The gardens were created in 1799 under the Ryukyu Kingdom and used for the reception of an envoy from China. Totally destroyed in the Battle of Okinawa, restoration took 20 years starting in 1975. If you take your shoes off you can go inside – the rooms are open and bare but it’s interesting to see the use of each space. For example a “place to warm tea, liquor and foods”, and the room where tea was served to Chinese delegates in 1800.

Place to warm tea
View from inside the palace

Although the numerous warnings about the local poisonous snake made it slightly less relaxing as I only had the cartoon like drawing to go by with no idea how big or small or aggressive it was. Aside from seeing no snakes, I only saw a couple of other people and had the inside of the palace to myself. There is a sweet little bakery right outside, if you can find a place to eat.

Warning

Ready for a change of scenery I wanted to visit one of the smaller islands. I was advised by the tourist information that given the weather (boats can be cancelled and not everything is open) it was best to choose the closest one, Tokashiki. This gave me the option of a shorter more reliable car ferry across. It’s 100% worth the trip. In winter the options are more limited with both the faster more expensive speed boat and the ferry each running once per day (there and back). The risk is that if they are cancelled you’d have to stay the night, which wouldn’t be all that bad!

Ferry across

I got off the ferry after about a hour and a half and jumped straight on the local bus to Aharen beach on the other side of the island. It’s helpfully timed with the ferry schedule. Aharen is a bit of a one horse town with a main road running down to the beach – it literally opens up onto the shore. There are a handful of cafes and snack bars dotted around but most were closed.
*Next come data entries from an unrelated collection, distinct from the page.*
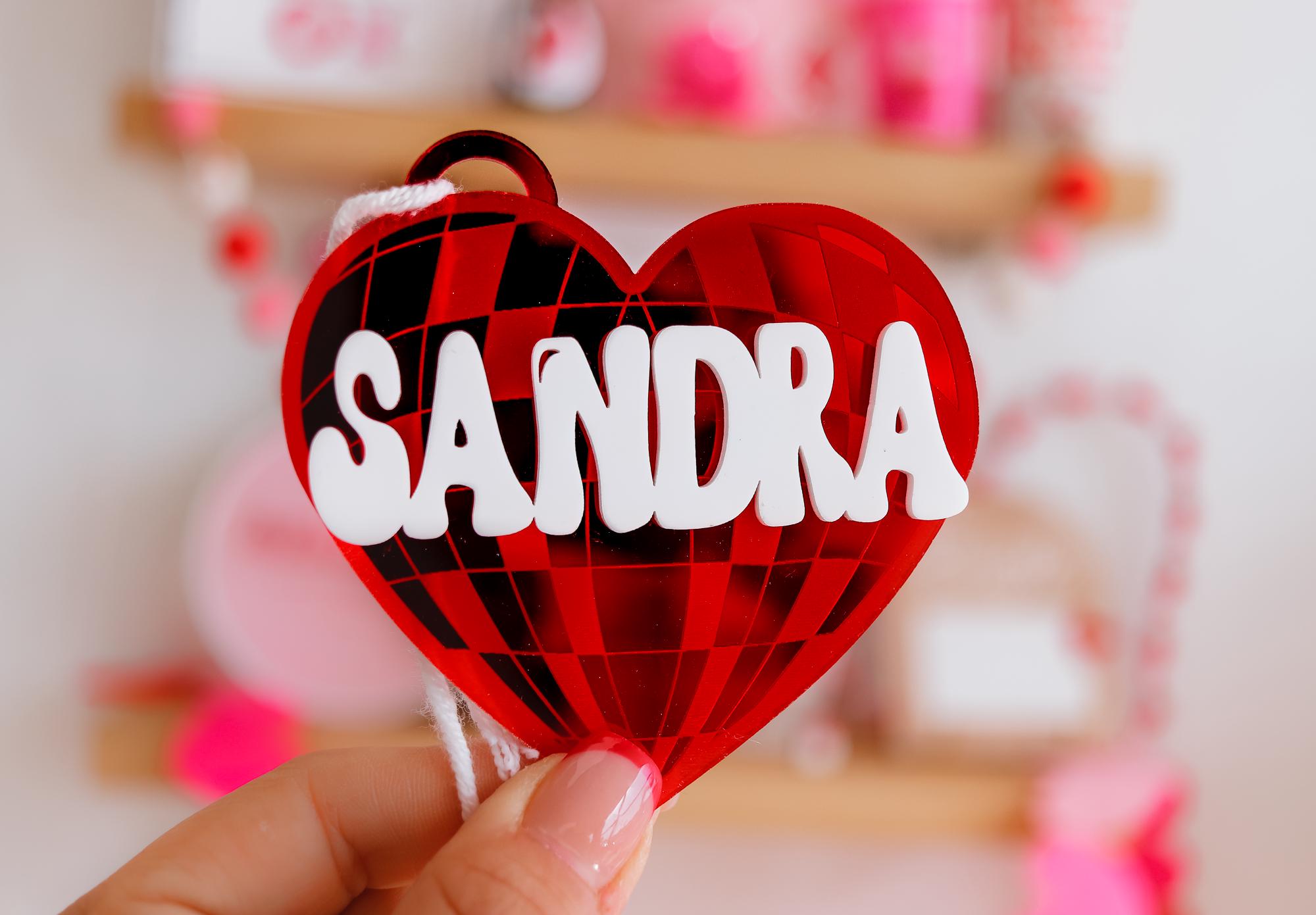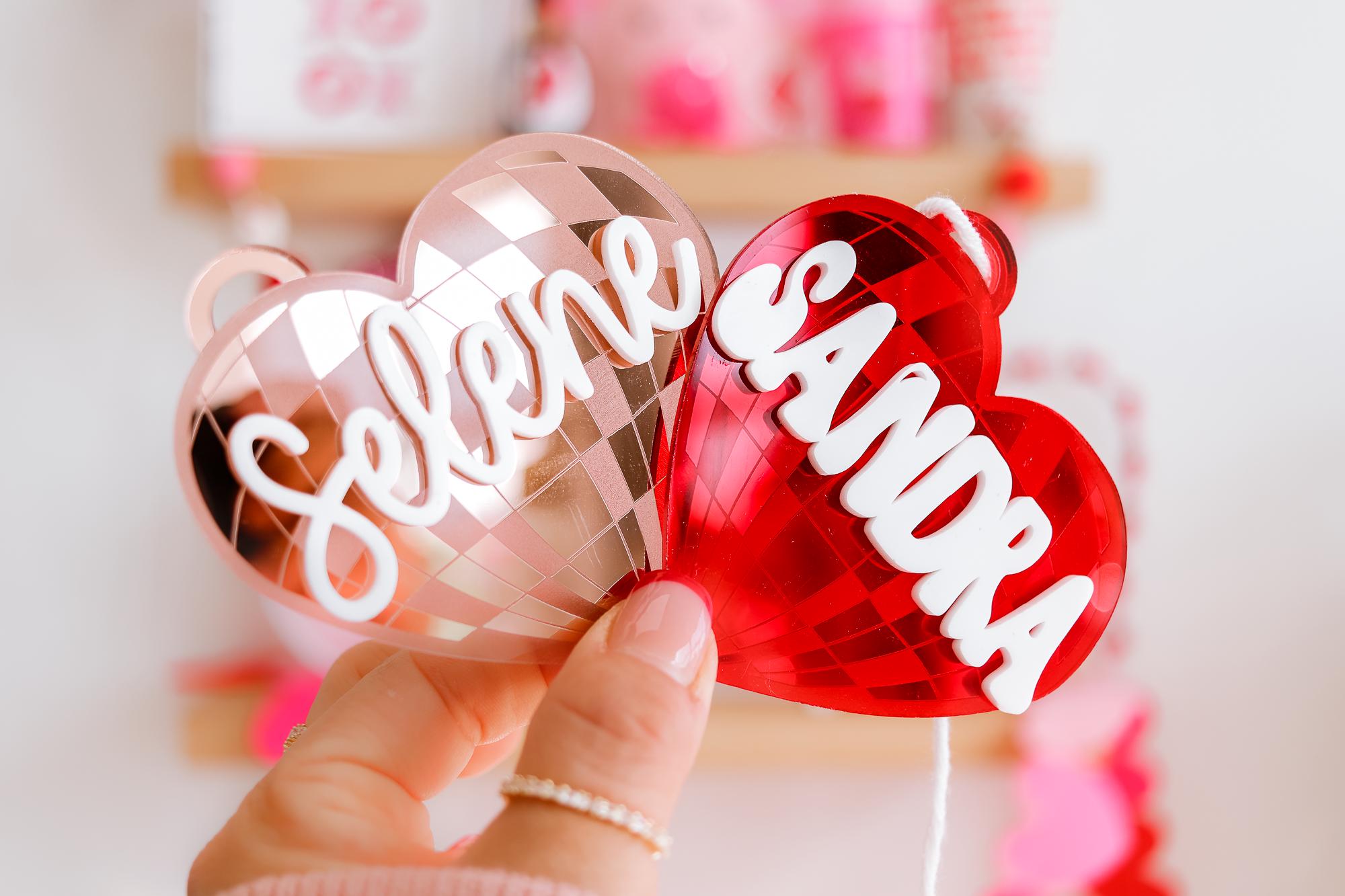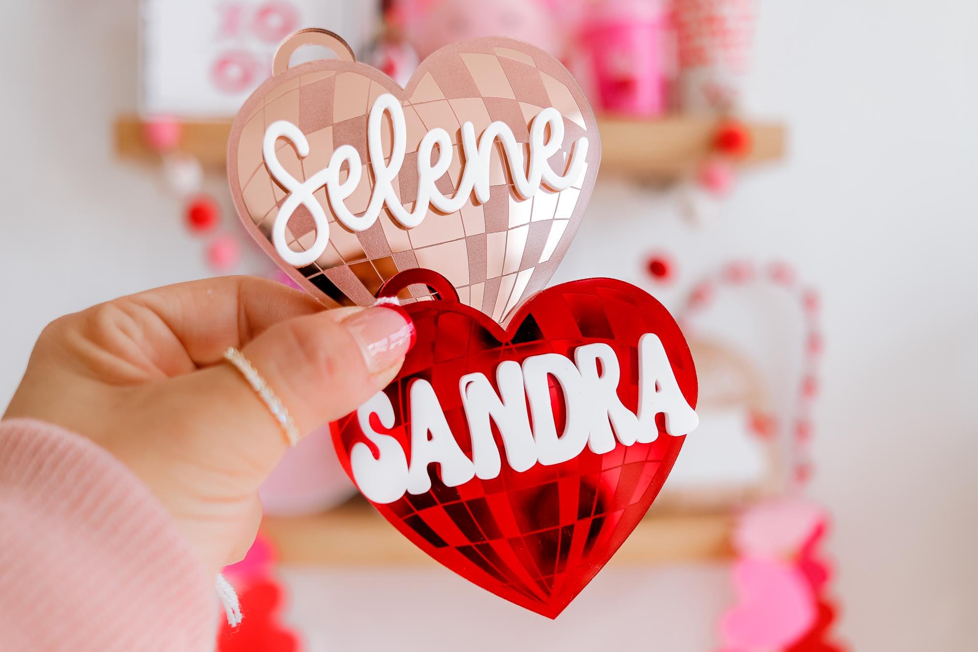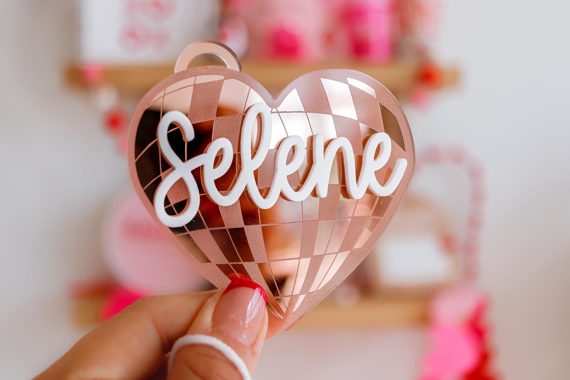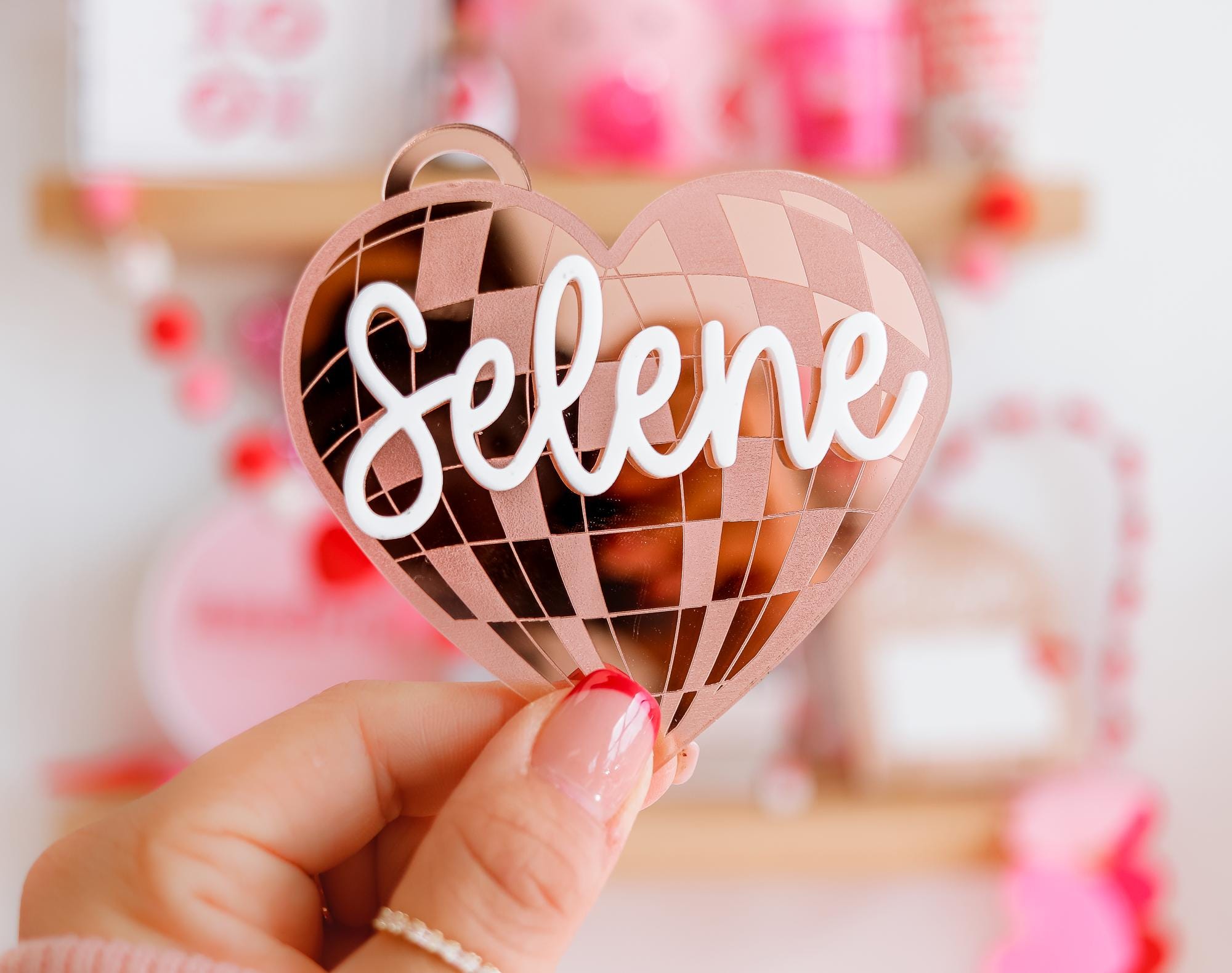 Heart disco ball tag, valentines name tags for teen, valentines gift for teen valentines gift for woman, name tag, Disco ball tag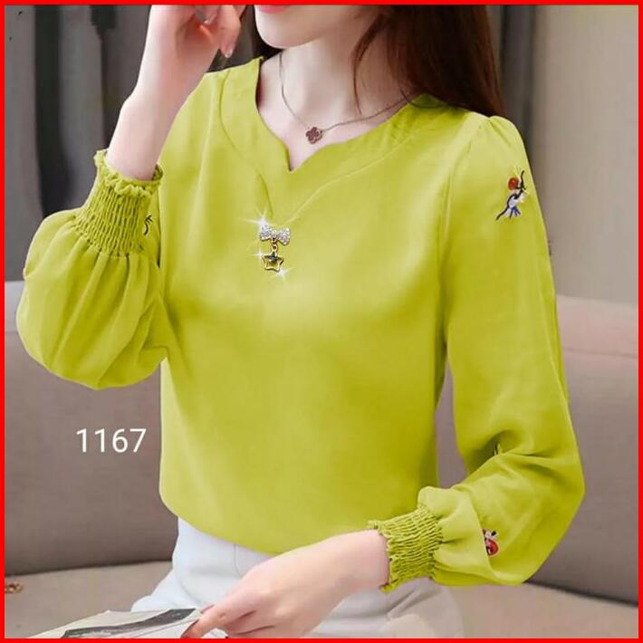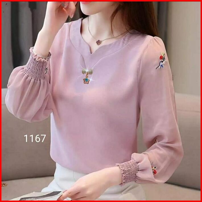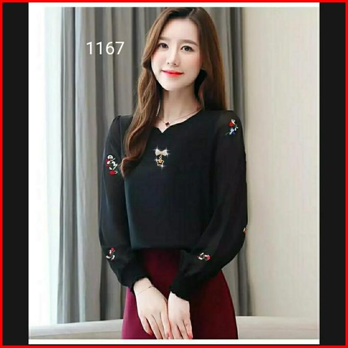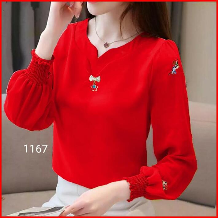 Blus Gaya Korea Atasan Fashion Wanita 1167 Bordir Cantik Baju Motif Panjang Top Merah Nyaman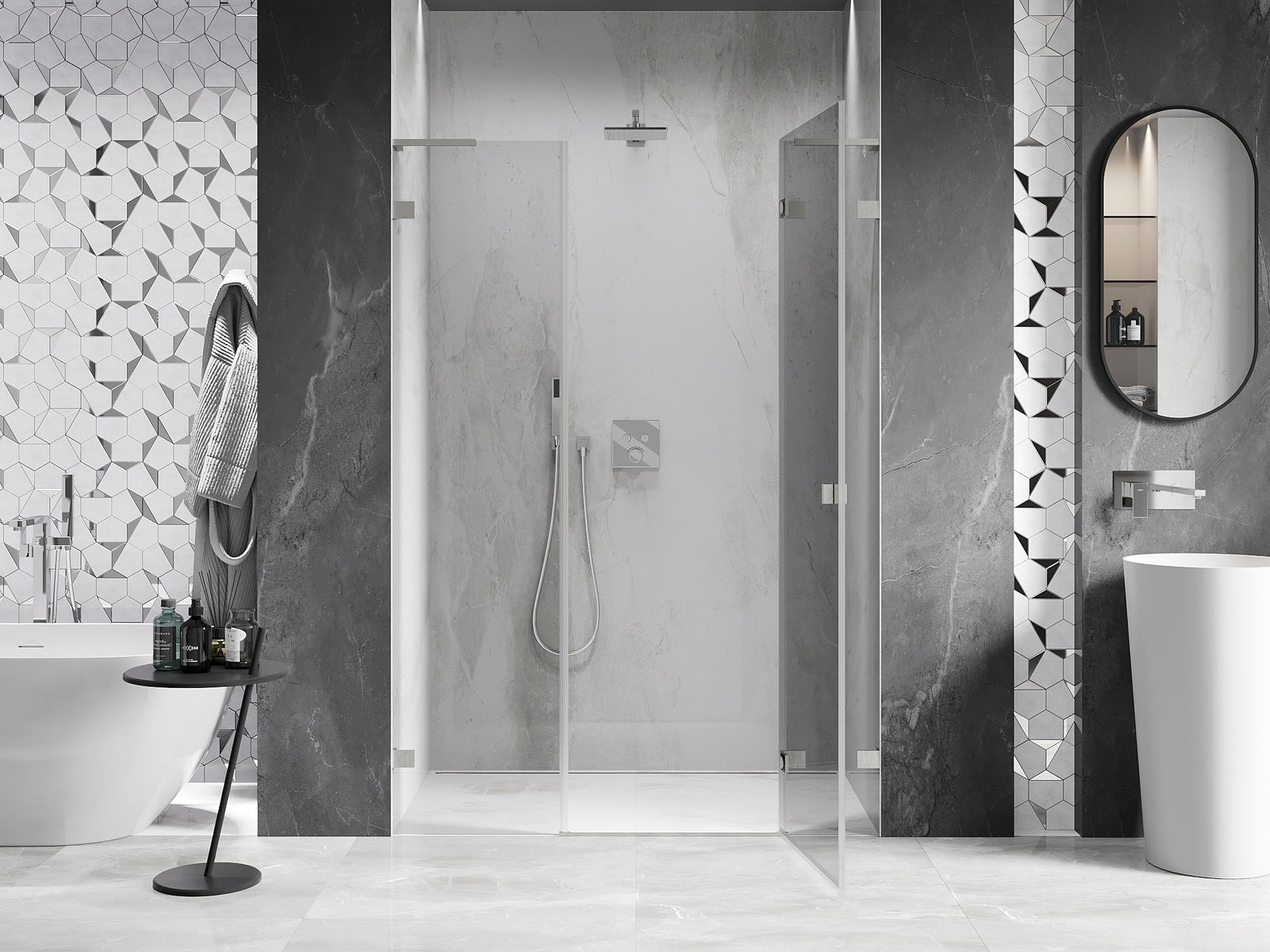 La poignée pratique et confortable est fabriquée en métal durable et résistant. Sa forme à la mode, combinée à une finition assortie à la couleur des profilés, donne à l'ensemble un aspect moderne et stylé, soulignant l'esthétique de chaque salle de bain.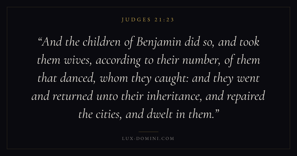 And the children of Benjamin did so, and took them wives, according to their number, of them that danced, whom they caught: and they went and returned unto their inheritance, and repaired the cities, and dwelt in them.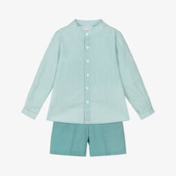 A lovely beige sweater, white blouse and shorts set for baby girls by Paloma de la O. The lightweight cotton blouse has a pretty pink and grey floral print and a ruffled neckline, with button fastenings on the back. The coordinating bloomer shorts have an elasticated waist and cuffs, and a sweet ruffle trim. A cosy knitted sweater completes the set with a bow on the front.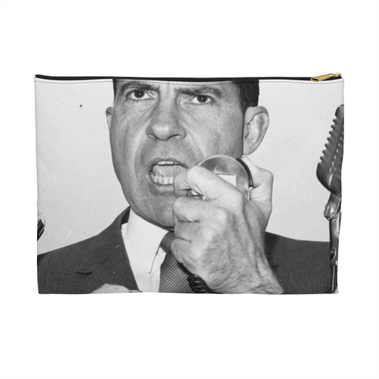 Richard Nixon clinches his fist as he addresses his first audience in Long Island, New York Large Organizer Pouch with Black Zipper

The road becomes the beach

I found myself on the most stunning natural beach with crystal clear water and could imagine how amazing it would be to swim here in summer. The contrast with the thick forest is even more beautiful. The advantage of going in winter is that I again counted just 5 or 6 other people. I spent a few hours just chilling on the beach, climbing up to a viewpoint and enjoying sweet potato fritters and Okinawan lemonade.

Walk along the beach
View from the lookout

For my last few nights I paid £19 per night for a cabin room at the Grand Cabin Hotel. This is the best hotel I have ever stayed in. I could live there. You enter into a huge lobby and cafe area where the complimentary Okinawan breakfast and free lemonade or shot of local spirit are served. You can also pick up something from the Manga collection to read or buy souvenirs at the shop.

Hotel lobby

Going through to the women only floor, you get a decent sized bed in a lockable room with ample space for your luggage. But that’s not all – in your basket you’ll find two fresh towels, changed daily, and around the corner you go to the pillow bar and select from at least 10 different types of pillows and pickup a comfy pair of pyjamas and slippers.

My cabin

And that’s still not all – enter the powder room of all powder rooms. Several individual stations with hair dryers and straighteners, all the toiletries you could ever need and a SHAMPOO BAR. At least 10 different luxury shampoos and conditioners to choose from. In the UK people would be stuffing their pockets and stealing everything that’s not nailed down.

Powder station
Shampoo bar

It may have only cost £19 but the sheer joy of returning to this hotel in the evening, after picking up some freshly made cucumber sushi from across the road, was priceless.